Jürgen Scheugenpflug ist Wuppertaler Kabarettist und Leiter der Kabarett-Academy. In seinem satirischen Wochen-Rückblick kommentiert er Ereignisse aus dem Stadtleben.

Zum Jahreswechsel haben sich viele vorgenommen, im neuen Jahr alles besser zu machen. Weniger Stress, dafür mehr Zeit für die Familie. Gesünder essen und mehr Sport. Die völlig verarmte Stadt hat sich vorgenommen, mehr zu sparen, dafür weniger auszugeben. Und einige Bürger haben sich verordnet, weniger zu schweigen, dafür mehr zu demonstrieren.

Besonders die Wuppertaler Bühnen-Mitarbeiter machen mächtig Theater und demonstrierten vor dem jüngst restaurierten Opernhaus. Und weil sie keine Plakate an die Wände nageln dürfen, spielen sie selber die Wand. "Theater macht reich", pinselten sie kunstvoll in rosa auf gelben Grund. Und das nicht etwa ohne Grund, denn Kultur bildet. Und Bildung kann bekanntlich nicht schaden.

Vielleicht ein gutes Beispiel für die Bewegung "Wuppertal wehrt sich", für die es jetzt endlich darauf ankommt, noch entschlossener Farbe zu bekennen. Denn sonst gehen die Proteste gegen die sozialen Einschnitte im Tal aus wie das Hornberger Schießen.

Viele Menschen ertränkten am Silvesterabend um Null Uhr die letzte Kippe im Schampus. Jahrelang gedemütigt durch die vielen Nichtraucher entscheiden sich immer mehr wackere Steuerzahler, dem Nikotin zu entsagen. Die unabwendbaren Folgen sind wirtschaftliche, demoskopische und ökologische Probleme. Denn nicht Raucher, sonder die Nichtraucher gefährden das Gesundheitssystem.

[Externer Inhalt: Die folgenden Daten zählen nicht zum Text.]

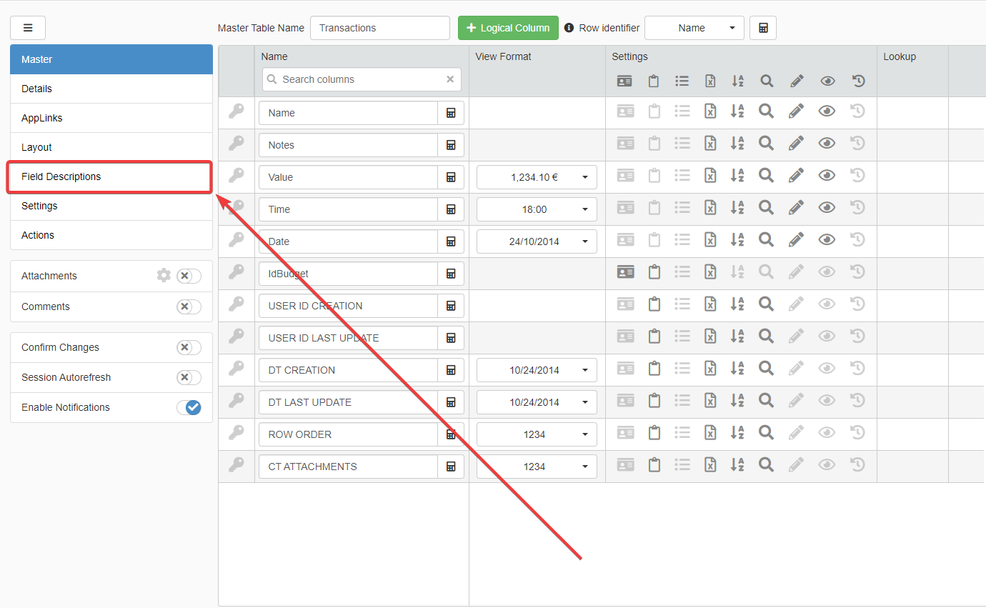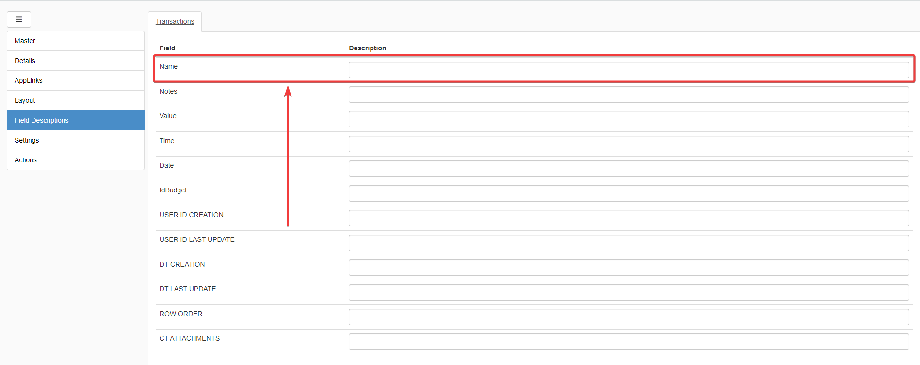 You will access the Field Descriptions sub-panel. Type the fields' descriptions in the textbox corresponding to the field.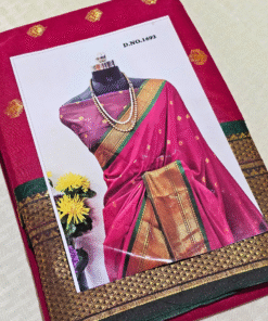 The smooth silk drape, intricate pallu design, and vibrant colors make it a statement piece for any wardrobe. Pair it with a classic golden blouse or a contrasting green one to complete your radiant festive look.
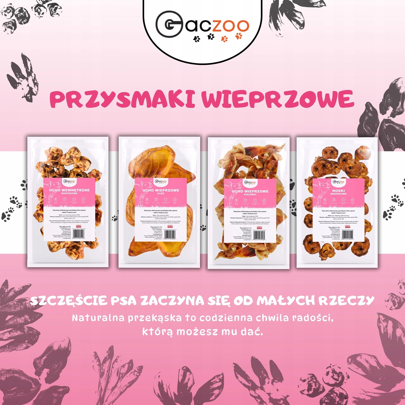 Szukasz przysmaku, który zachwyci Twojego psa nie tylko smakiem, ale też zapewni mu zdrową porcję żucia? Noski Wieprzowe GACZOO to naturalna, suszona przekąska, która pobudza zmysły, zaspokaja instynkt gryzienia i wspomaga higienę jamy ustnej. Suszone powietrzem, bez konserwantów i sztucznych dodatków – zachowują intensywny zapach, naturalną strukturę i wyjątkowy smak, który psy uwielbiają.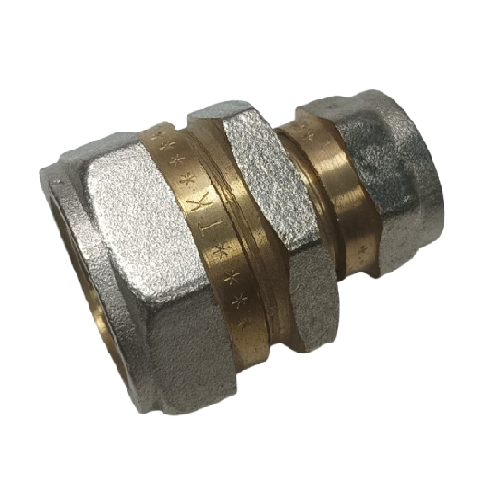 Муфта обтискна редукційна 26 х 16 мм виготовлена з нікельованої латуні, що вирізняється високою міцністю, стійкістю до корозії та довговічністю. Призначена для з’єднання металополімерних труб різного діаметра в системах холодного й гарячого водопостачання та опалення. Забезпечує надійне, герметичне та розбірне з’єднання — зручне для монтажу та обслуговування.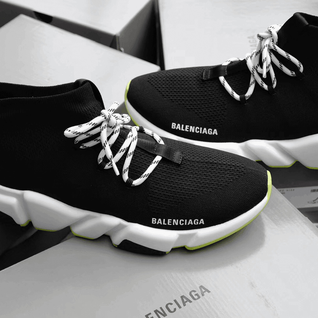 BALENCIAGA SPEED TRAINER LACE UP BLACK WHITE – BB16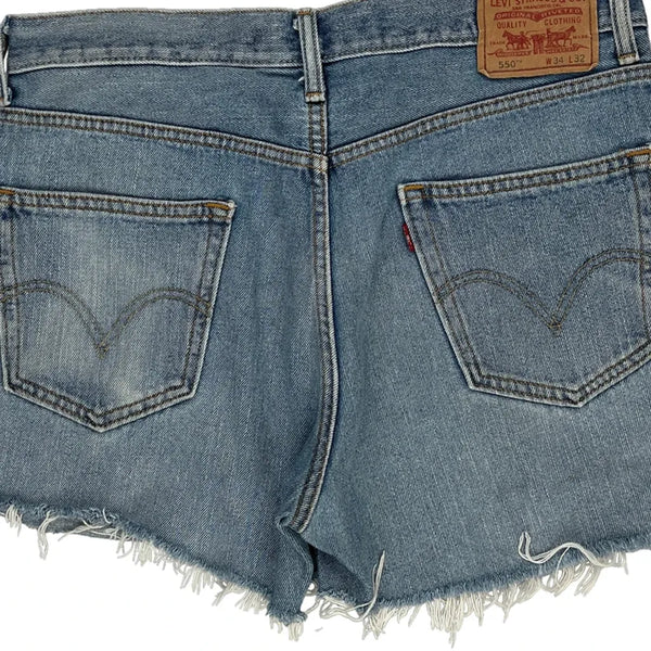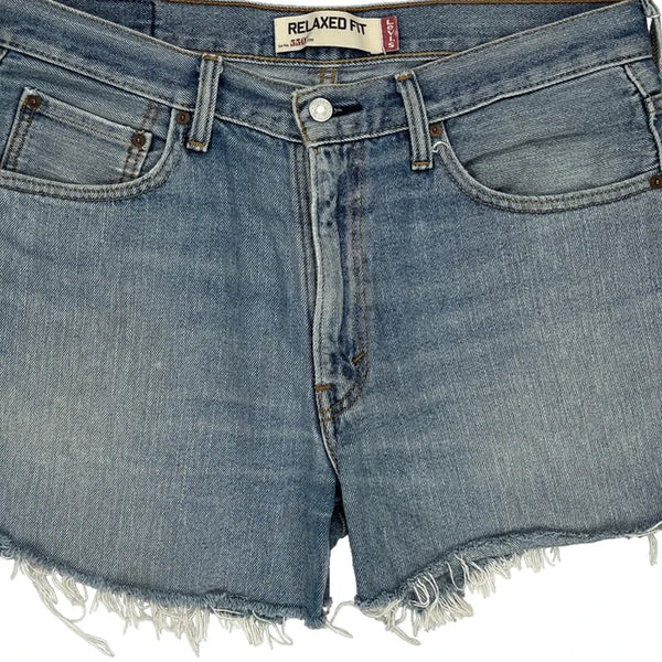 550 Levis Denim Shorts, fit a UK size 14 with a 34″ Waist.

Während die tapferen Qualmer die Lebensjahre zwischen 65 und 90 kaum mehr abrufen und somit das soziale Gleichgewicht halten, bevölkern die übergewichtigen Nichtraucher Krankenhäuser und Altenheime. So wird wohl bald ein neues Gesetz dem untertänigen Bürger vorschreiben, dass nicht nur Raucher draußen süchteln, sondern Dicke auch draußen essen müssen. Das größte Problem beim Verzicht auf die geliebten Glimmstängel ist die unvermeidliche Gewichtszunahme. Schon bald stöhnt und ächzt die Waage.

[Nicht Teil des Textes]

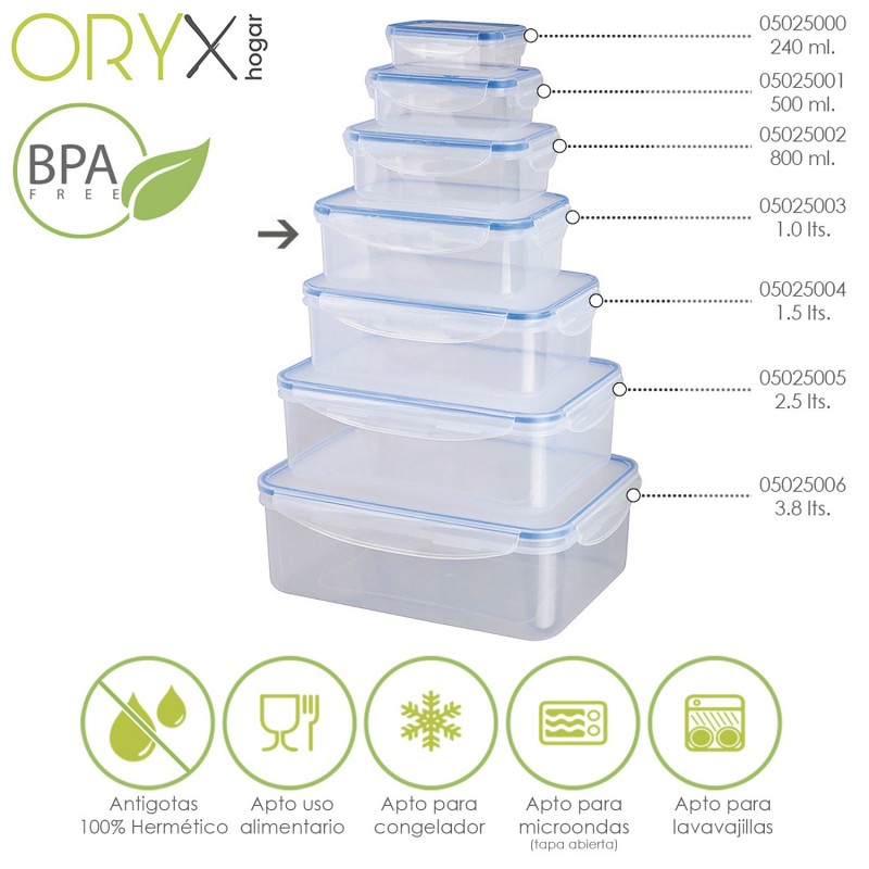 Recipiente hemico de plástico retangular 1.000 ml. 19x12.5x6.5 (Alt.) CM. Oryx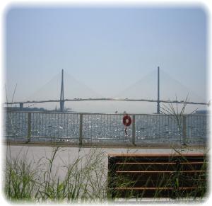 正面に「鶴見つばさ橋」を望み、港を身近に感じることができるビュースポットです。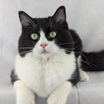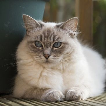 Mitted Ragdolls have, as the name suggests, white mitts on their paws. The mitts on the front paws are evenly matched & stop where the paw bends. The mitts on the hind legs extend up to the middle of the leg. They also have white chins that extend into a white stripe on the belly. Their noses match the color of their coats.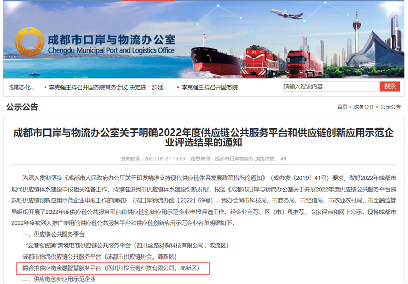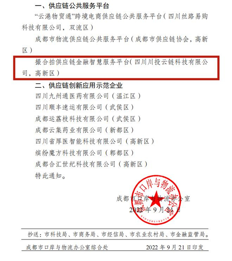 9月21日,成都市口岸與物流辦公室發(fā)布了關(guān)于明確2022年度供應(yīng)鏈公共服務(wù)平臺(tái)和供應(yīng)鏈創(chuàng)新應(yīng)用示范企業(yè)評(píng)選結(jié)果的通知。川投信產(chǎn)所屬川投云鏈公司報(bào)送的“撮合拍供應(yīng)鏈金融智慧服務(wù)平臺(tái)”,在此次評(píng)選中正式獲得了供應(yīng)鏈公共服務(wù)平臺(tái)認(rèn)定,成為成都市3家獲得認(rèn)定的平臺(tái)之一。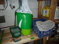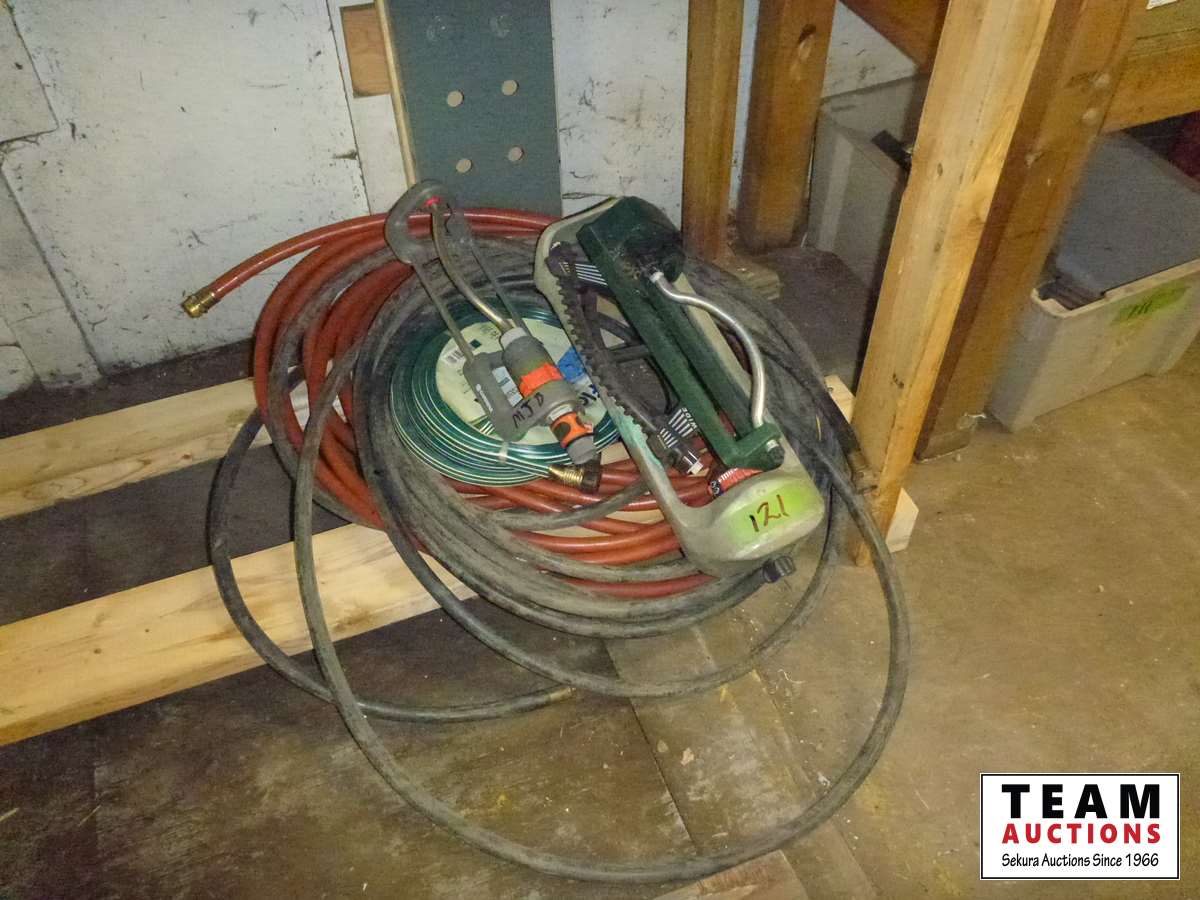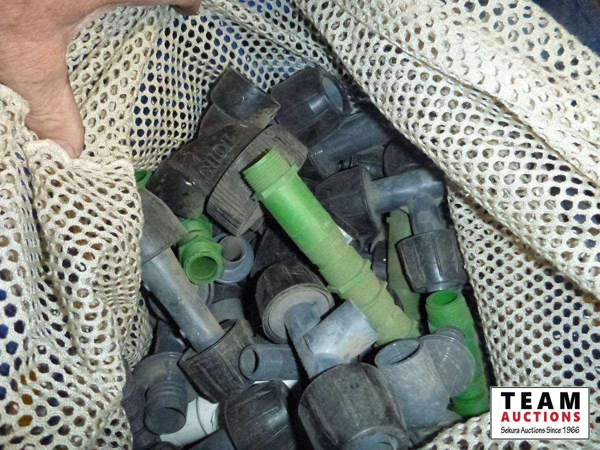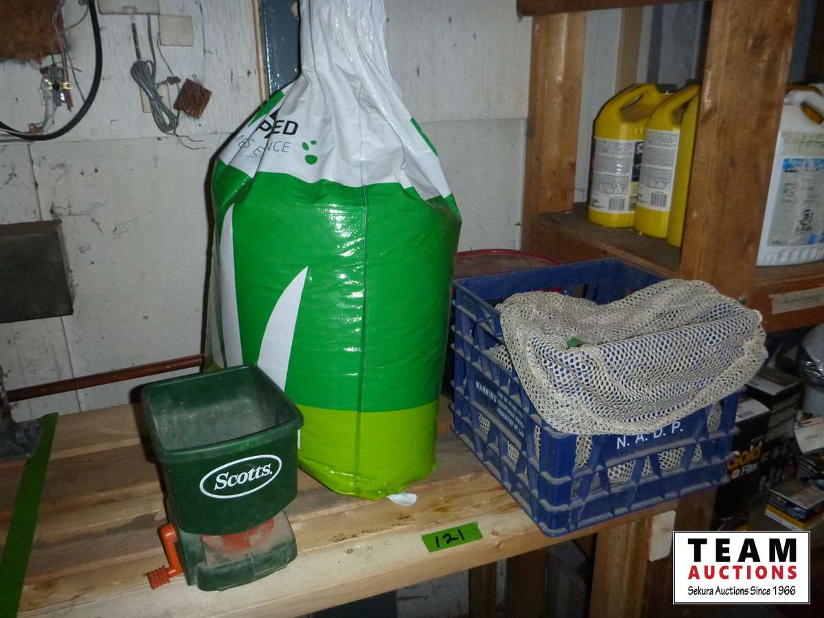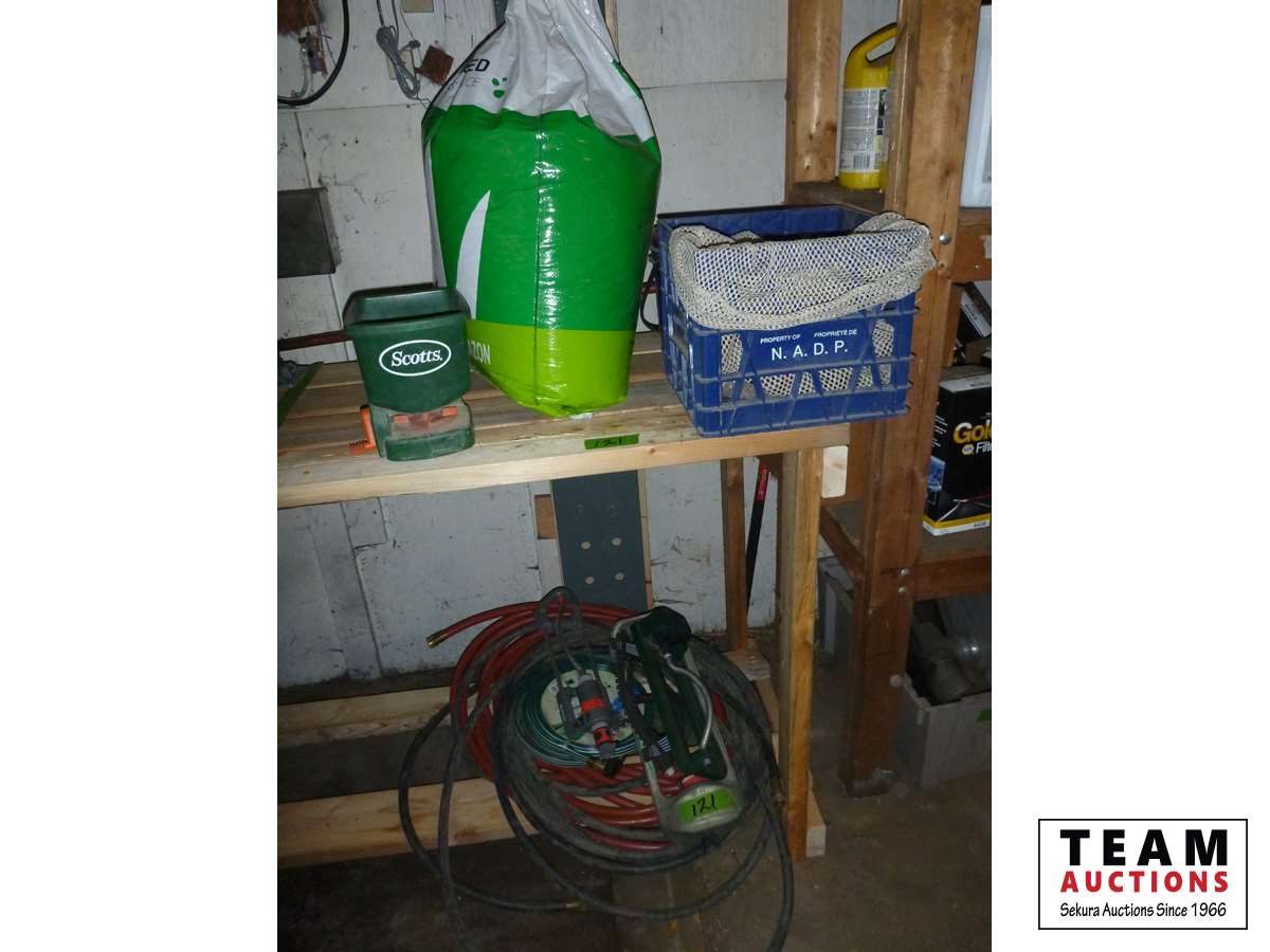Crate of irrigation parts, grass seed, sprinklers, garden hose, hand seeder

Leider können die meisten ohne Lesebrille nur die großen Zahlen erkennen und werden deshalb erst beim nächsten vollen Zehner stutzig. Dann allerdings wird es höchste Zeit, denn man geht nicht etwa auf wie ein Puffertskuchen, sondern eher wie Popcorn. Und zack, ist sie da, die Plautze, die schnellstens wieder weg muss. Hilfreich sind da nächtliche Dauerwerbesendungen, deren Angebote an Fitnessgeräten für Turbo-Fettverbrennung phänomenal sind. So stehen neuerdings platzsparende Multi-Kraftstationen für exzellente Workouts in deutschen Schlafzimmern, die den Betreibern eine Baywatch-Figur versprechen. Zog man noch kürzlich an der Zichte, zieht man jetzt seidenweich Gewichte.

Die durch das Nichtrauchen gewonnene Tages- und Lebenszeit verbringt der geneigte Wuppertaler gewöhnlich im Stau - entweder in der Elberfelder Umweltzone oder auf der davon ausgeschlossenen A 46. Zwar Rauch-, aber nicht frei von Abgasen bleibt ihm genug Zeit darüber nachzudenken, welche überzeugende Alternativen es zu den Sparvorschlägen der Wuppertaler Koalition geben könnte. Wir alle hoffen inständig, dass auch die politisch Verantwortlichen sich einiges für das neue Jahr vorgenommen haben. Ehrenwort.